**TASK DESCRIPTION:**
Take the listing from its first line through the line that contains "马杰 教授 乐鱼网页版页面登录创新论坛第一千七百八十一讲:中子散射对低维量子磁体的自旋动力学研究" and please retype those lines exactly, leaving out the pictures.

**DATA BLOCK:**
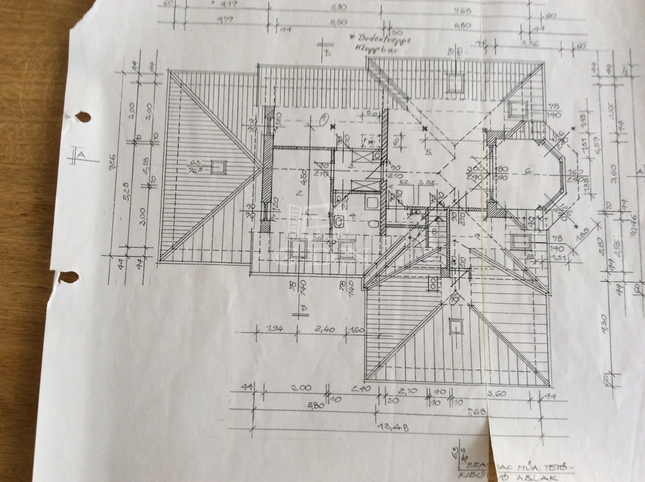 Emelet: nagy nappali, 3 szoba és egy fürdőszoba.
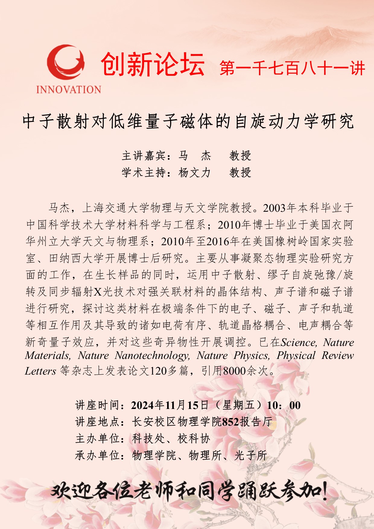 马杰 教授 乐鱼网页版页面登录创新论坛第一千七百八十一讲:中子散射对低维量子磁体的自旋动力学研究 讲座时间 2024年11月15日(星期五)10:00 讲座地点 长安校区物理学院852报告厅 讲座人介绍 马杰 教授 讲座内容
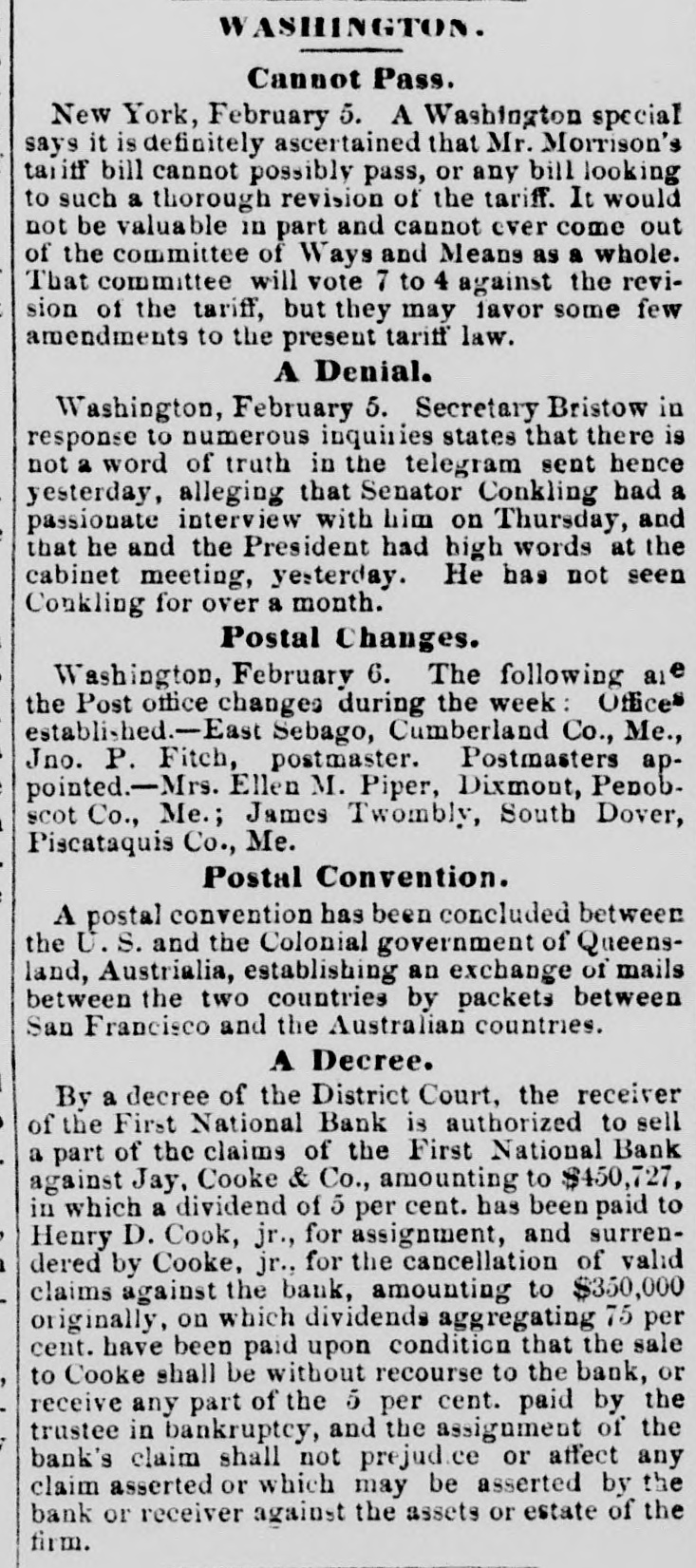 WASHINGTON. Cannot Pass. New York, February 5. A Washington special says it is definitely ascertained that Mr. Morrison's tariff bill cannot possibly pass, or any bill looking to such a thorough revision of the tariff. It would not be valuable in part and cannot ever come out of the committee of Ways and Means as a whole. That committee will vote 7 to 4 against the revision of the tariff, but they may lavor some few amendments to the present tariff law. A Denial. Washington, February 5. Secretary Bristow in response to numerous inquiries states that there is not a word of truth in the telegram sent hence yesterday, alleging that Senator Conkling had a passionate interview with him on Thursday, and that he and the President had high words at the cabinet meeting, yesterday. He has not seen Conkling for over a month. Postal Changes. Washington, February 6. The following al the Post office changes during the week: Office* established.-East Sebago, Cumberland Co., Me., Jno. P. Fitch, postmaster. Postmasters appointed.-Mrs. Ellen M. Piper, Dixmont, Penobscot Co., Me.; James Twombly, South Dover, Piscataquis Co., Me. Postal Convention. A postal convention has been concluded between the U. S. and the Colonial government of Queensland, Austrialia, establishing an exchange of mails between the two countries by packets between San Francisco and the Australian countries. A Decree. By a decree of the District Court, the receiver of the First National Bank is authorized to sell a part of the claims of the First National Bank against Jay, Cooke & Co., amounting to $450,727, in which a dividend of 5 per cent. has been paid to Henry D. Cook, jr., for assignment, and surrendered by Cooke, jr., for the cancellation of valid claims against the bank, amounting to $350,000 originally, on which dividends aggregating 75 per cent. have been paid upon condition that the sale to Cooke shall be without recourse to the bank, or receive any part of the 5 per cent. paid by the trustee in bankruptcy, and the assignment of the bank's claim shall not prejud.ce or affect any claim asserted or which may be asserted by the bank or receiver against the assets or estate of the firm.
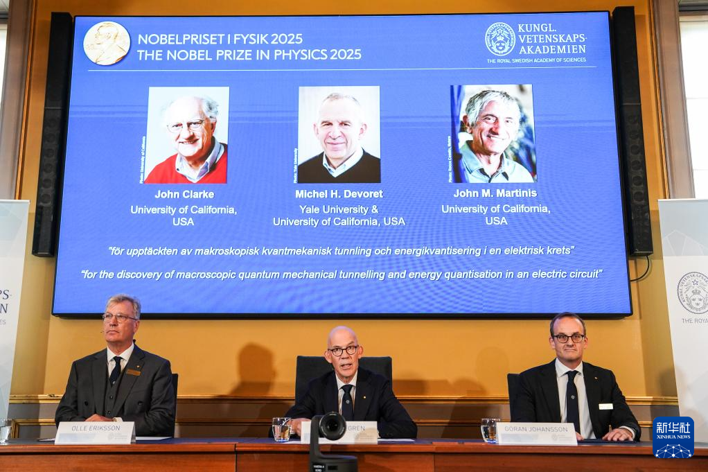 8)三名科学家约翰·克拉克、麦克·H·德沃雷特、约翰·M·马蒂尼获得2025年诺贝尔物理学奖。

**TASK RESULT:**
 Emelet: nagy nappali, 3 szoba és egy fürdőszoba.
 马杰 教授 乐鱼网页版页面登录创新论坛第一千七百八十一讲:中子散射对低维量子磁体的自旋动力学研究 讲座时间 2024年11月15日(星期五)10:00 讲座地点 长安校区物理学院852报告厅 讲座人介绍 马杰 教授 讲座内容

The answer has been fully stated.